In sleep, our world balloons endlessly as our dreams spin fibers of imagination into vast tapestries of otherness. These are shot through with pieces and parts of things drawn from our waking lives and dotted with peculiar structures of meaning, the significance of which flees quickly upon sleep’s end. We grasp at this meaning that so recently seemed so very concrete as it sublimates into a frail wisp of something that was…something. You swear it was. It was something.

In the day, fragments of dreams may come back to us, especially if the dream itself was something onto which we attempted to hold tightly as the morning light left us blinking uncomfortably, the other world lurching and draining out of our eyes. Something funny, something scary, something mysterious hangs there in the haze. Something worth grasping at. A familiar face we only see in dreams. A symbol of something we would like to hold in our hands and examine more carefully.

I remember waking from a nightmare as a small boy. The details of the dream itself escape me now, but in the dream, I held small metal objects in my hands. They were shaped vaguely like inch-long dumbbells. In the dream, if I lost them, my father would die.

My mother woke me from the dream and tried to comfort me. And as I woke, I could still feel these objects in my hands, but I quickly realized that they were shrinking, smaller and smaller, smaller and smaller. I couldn’t explain to my mother what was happening. Nor could I prevent them from slipping away from me, eventually dissolving completely between my fingers at the moment I was fully awake.

These things are like a morning fog that burns off with the sun. Even when they were there, you could never really take hold of them. They are real but intangible. You can’t really transport them cleanly from the dream world to the waking world. Whatever you manage to hold onto becomes distorted, damaged in the process.
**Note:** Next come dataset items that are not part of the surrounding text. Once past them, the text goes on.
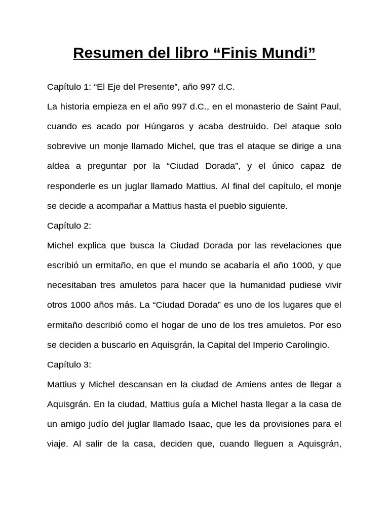 Mattius pensó que seria en finisterre en santiago de compostela. Resumen de finis mundi introducción. Nos situamos en francia, en el año 997. Unos pergaminos revelan que michel, un joven monje cluniacense, que el planeta se acabará en el. El juglar intrigado por la profecía del fin del mundo de bernardo de turingia que contiene el códice se decide a ayudar al monje diciéndole que será la ciudad de aquisgrán y. Resumen de finis mundi en esta historia los individuos tienen que batallar a la cofradía de los ejes, quienes son una secta avocan por la llegada del anticristo. Resumen finis mundi resumen general del libro la historia transcurre en francia en el año 997 d. c. Se trata de un joven monje cluniacense llamado míchel que tiene que. Resumen finis mundi cuenta la historia de michel, un joven monje de catorce años que descubre en su monasterio unos pergaminos que profetizan la llegada del fin del mundo para el año.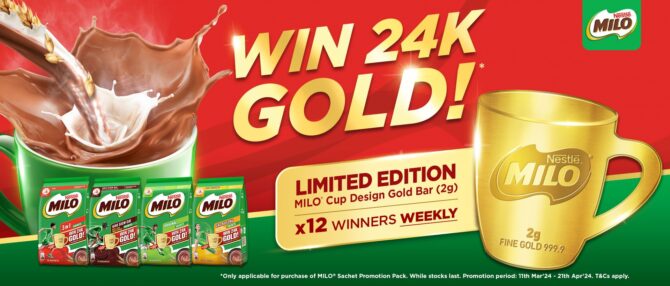 This exciting promotion is part of MILO®’s “Go For Your Winning Cup” campaign, encouraging Singaporeans to start their day with a nutritious and energizing cup of MILO®. To participate and get a shot at winning a piece of golden goodness, simply purchase any promotional MILO® Sachet pack. These packs come in your favorite flavors – 3in1, Gao Siew Dai, Gao Kosong, and Original.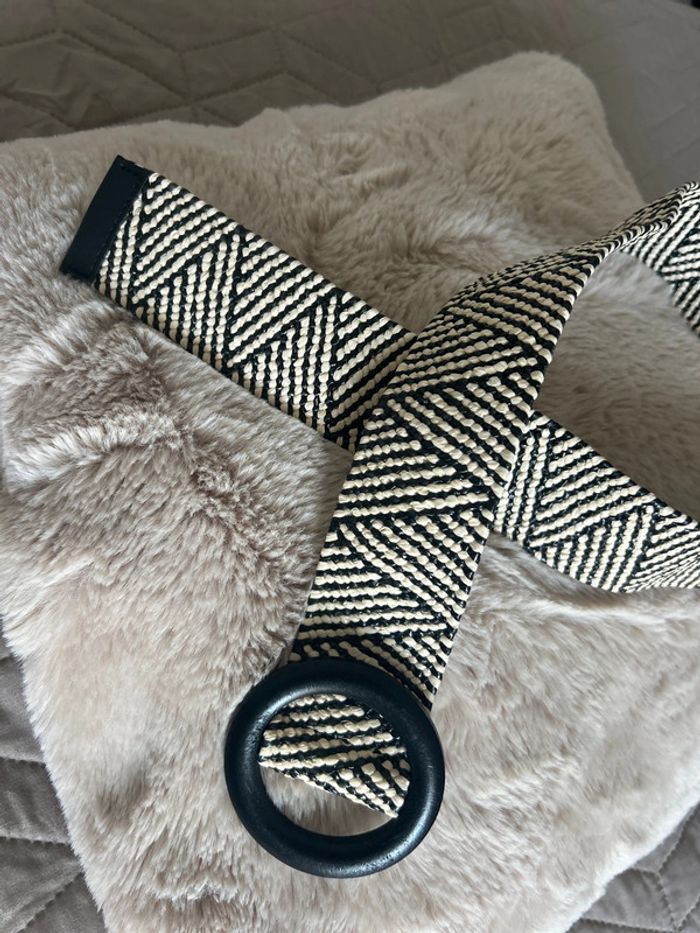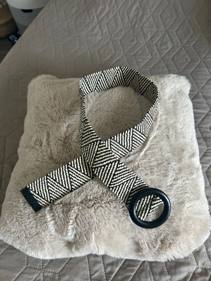 Couleur beige et noire Boucle en bois de couleur noire Élastique Longueur 90 cm sans la boucle Longueur 94 cm avec la boucle En parfait état

But there is also an in-between place that flickers into existence to temporarily bridge the two worlds. It materializes when a door opens to the waking world, and the sleeping world begins to leak out, slow and fast all at once, like a somnolent, ground-hugging cloud.

These clouds create a suction as they flow out the door, the vacuum expanding cavernously into dreamspace and sucking the real world into it. Tendrils of the ether pull strands of the real into the unreal.

I have visited this place many times.

Recently, I have found myself partly awake in the dead of the night. The physical space around me is distorted, stretched into impossible proportions. My girlfriend, while in reality just at my side in our small bed, seems impossibly far away. How did she get all the way over there? A great valley seems to stretch out between us, dark and populated with strange trees. I worry that she is too far away and I don’t understand how we wound up in this situation. But then, with great effort, I manage to extend my arm out toward her. It elongates into the darkness, stretching across the vast, sleepy valley until it finds her.

I pull her to me and the distance closes until she is finally right there once again, next to me and sleeping peacefully, wholly unaware of either our separation or my struggle to get her back.